I was in North Carolina this weekend, visiting my grandfather. He will be 89 in February, and his lungs are slowly wearing themselves out, making it harder and harder for him to diffuse oxygen. He used to build boats, and still has a boatworks, even though all the boats are gone. Now his dock is for other people's boats and for visiting grandchildren to sit on and breathe slowly and take in the sky.

My grandfather contains volumes of poetry, and because our conversations frequently involve long pauses for reflection, it's hard to tell when he starts speaking again if he's reciting some verse stored in the vaults of his brain or if he is dispensing wisdom in his own words. At the dinner table, amidst discussions with my three-year-old cousin about confining the macaroni to her plate, he will turn to my aunt and say, "Lili, are you preparing a face to meet the faces that you meet?"

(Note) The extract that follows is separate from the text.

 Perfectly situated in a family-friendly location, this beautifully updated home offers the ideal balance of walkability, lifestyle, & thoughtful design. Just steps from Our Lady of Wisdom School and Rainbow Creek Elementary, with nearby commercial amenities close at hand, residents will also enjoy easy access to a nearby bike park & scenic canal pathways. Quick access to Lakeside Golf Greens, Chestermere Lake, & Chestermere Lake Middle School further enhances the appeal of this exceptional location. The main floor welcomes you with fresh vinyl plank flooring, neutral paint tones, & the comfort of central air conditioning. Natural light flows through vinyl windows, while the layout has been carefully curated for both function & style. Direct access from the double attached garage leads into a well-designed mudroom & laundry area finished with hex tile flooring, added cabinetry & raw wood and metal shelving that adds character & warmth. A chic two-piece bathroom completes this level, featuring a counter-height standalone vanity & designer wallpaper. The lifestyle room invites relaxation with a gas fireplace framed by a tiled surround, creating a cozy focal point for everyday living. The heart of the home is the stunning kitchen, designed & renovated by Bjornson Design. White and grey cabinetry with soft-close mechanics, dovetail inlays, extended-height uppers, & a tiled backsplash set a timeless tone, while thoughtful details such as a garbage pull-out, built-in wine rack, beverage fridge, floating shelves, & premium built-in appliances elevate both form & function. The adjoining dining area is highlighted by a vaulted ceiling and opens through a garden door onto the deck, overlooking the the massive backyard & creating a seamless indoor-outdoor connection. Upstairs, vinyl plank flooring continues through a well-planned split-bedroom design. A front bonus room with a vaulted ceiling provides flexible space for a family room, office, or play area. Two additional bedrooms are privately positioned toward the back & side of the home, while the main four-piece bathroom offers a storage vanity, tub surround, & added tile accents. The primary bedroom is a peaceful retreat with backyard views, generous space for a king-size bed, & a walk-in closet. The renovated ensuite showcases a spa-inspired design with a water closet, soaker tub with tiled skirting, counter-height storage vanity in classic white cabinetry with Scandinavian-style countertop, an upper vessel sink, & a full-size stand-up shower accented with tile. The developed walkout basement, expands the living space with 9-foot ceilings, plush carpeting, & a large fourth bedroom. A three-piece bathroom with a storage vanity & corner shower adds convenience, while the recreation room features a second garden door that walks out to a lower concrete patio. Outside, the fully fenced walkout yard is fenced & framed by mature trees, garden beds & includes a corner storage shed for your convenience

Ehren, the three-year-old, takes no notice of this, placing her macaroni exactly where she pleases. But I notice this is the second time he's quoted Mr. Eliot this weekend, and this same poem no less, so I call him out on it. "What's with all the T.S. Eliot this weekend?" He just smiles at me and chuckles. I know this poem well, I remember picking it apart in school, and it doesn't escape me that it is about growing old, about dying. What seems a propos of nothing is rarely so with Grandpa Stern.

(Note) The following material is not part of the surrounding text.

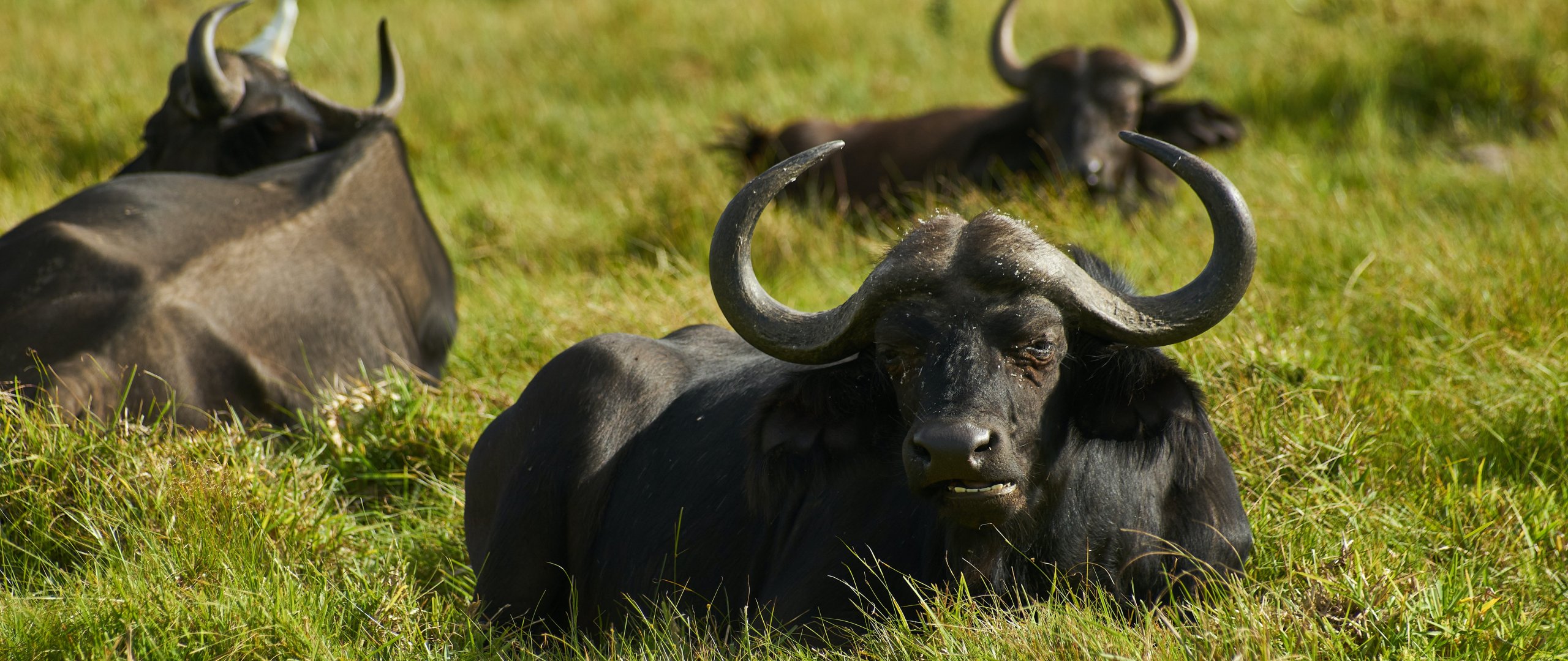 Обои: буйволы на пастбище - 2560x1080

Later the two of us are sitting in the living room, watching baseball. He tells me, "this is the blessing and the curse about the situation in which I find myself -- my mind is okay, but my body is getting weak.

For the sword outwears its sheath,
   And the soul wears out the breast,
And the heart must pause to breathe,
   And love itself have rest."

This is Lord Byron, but at the time I just knew it was poetry.

I have nothing to offer him in response to this, I have no wisdom about this business of growing old, of feeling the full measure of my own life. So I just listen, sit with him, pay attention. I'm not sure this is enough, but it's what I have. I admire him deeply for many things, for being with us when he's with us, for looking ahead with his inquisitive and poetic mind, for insisting that we leave some of the figs on the tree in his front yard for the birds because this is the deal he's struck with them.